Альбомы начала прошлого века – смесь удавшихся и неудавшихся рифм, экспромтов, набросков, чаще живых, реже талантливых, совсем редко по-настоящему умелых. Мимолетные впечатления, случайные и давние знакомства – «заметки сердца», но всегда с оглядкой на гостиную, где им приходилось быть, на зрителей и посторонних. В московском альбоме нет стихов, нет и рисунков «для себя». Почти каждый лист неповторим в своей профессиональной завершенности. Самой Гортензии, ее двоюродной сестры Стефании Богарне нет в словарях художников, но их пейзажи не уступают работам мастеров – превосходная выучка учениц И. Изабе. У Гортензии хватило умения передать ее и своим сыновьям: Наполеон Шарль и Луи Наполеон оставили в альбоме не менее интересные наброски. Еще одно открытие – племянница маршала Нея, сумевшая и вовсе ввести в заблуждение историков искусства.
Карандашный портрет одного из парижских собраний с четкой подписью «Гамо» заставил включить это имя во все сводные справочники европейского искусства: мастерство рисовальщика говорило само за себя. Просто Гамо, без имени и даже инициалов, без каких-либо сведений о жизни, – конечно, этого мало даже для самой скупой энциклопедической справки. Тем большим становился соблазн домысла. Само собой разумеется, мужчина. Предположительно, член семьи художников, носящих эту фамилию и весь XVIII век проработавших в Лилле, хотя никаких сведений о том, чтобы кто-нибудь из них покинул родной город и оказался в окружении Наполеона, не существовало. А вот московский альбом содержит в себе разгадку, и какую!
Великолепный акварельный портрет сына Наполеона от второго брака, десятилетнего Орленка, несет на себе ту же подпись, что и парижский карандашный портрет – «Гамо», но на этот раз с именем. Клеманс Гамо – женщина! Мало того. На одном из ее рисунков в альбоме – замок, где жил Ней, – есть надпись, которая поясняет, что художница была племянницей самого маршала.
Конечно, здесь можно разглядеть и хронику жизни Гортензии, биографическую канву за десять лет, хотя и не совсем обычную в своем предельном лаконизме. Вид Арененберга, подписанный Шарлоттой Бонапарт.
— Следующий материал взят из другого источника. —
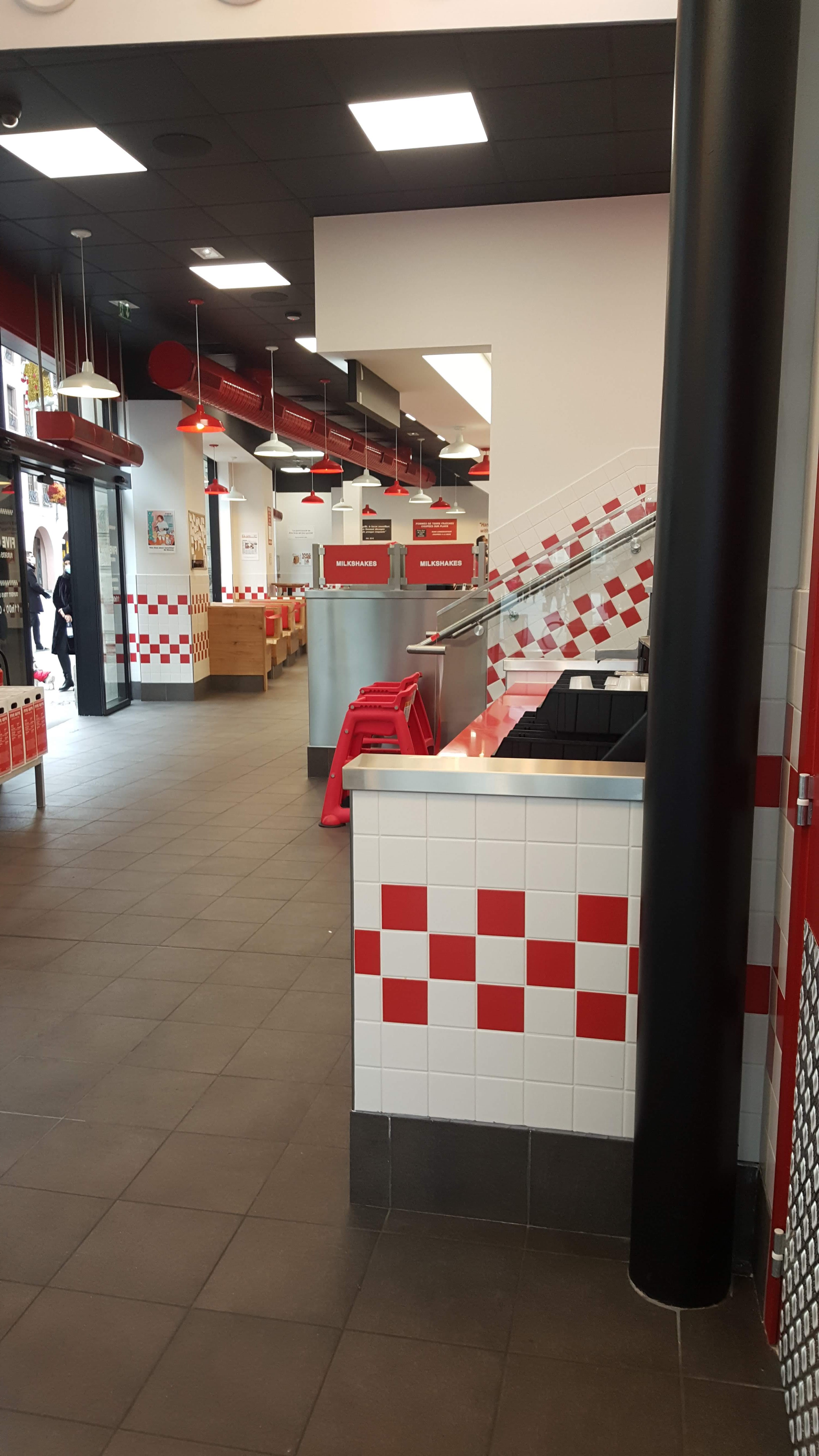Première fois que nous sommes allés pour tester avec mon ado... ben la dernière aussi.. très cher pour ce que l'on mange, servi ds des paquets avec des frites en vrac, les boissons un fanta blanc jamais vu... conclusion à fuir

Дочь старшего брата Наполеона вернулась из Северо-Американских штатов в Европу, чтобы стать женой одного из своих двоюродных братьев. По завещанию былого императора его племянники должны заключать браки между собой, и семья с неожиданным рвением начинает выполнять каждое из пожеланий Наполеона. Почем знать, может быть, именно в них Бонапартам стал видеться путь к исчезнувшему престолу. Поэтому Шарлотта выходит замуж за среднего сына Гортензии.
Замки на берегах Боденского – Констанцского – озера, и среди них тот, в котором был заключен в ожидании казни Ян Гус, – его Гортензия все годы видела из окон Арененберга. Улочки Рима – сюда бывшей королеве разрешалось время от времени приезжать для свиданий со средним сыном: по условиям развода он рос у отца. Луи Бонапарт куда как неохотно подчинялся необходимости этих встреч, особенно тщательно следя, чтобы ненароком не столкнуться с Гортензией.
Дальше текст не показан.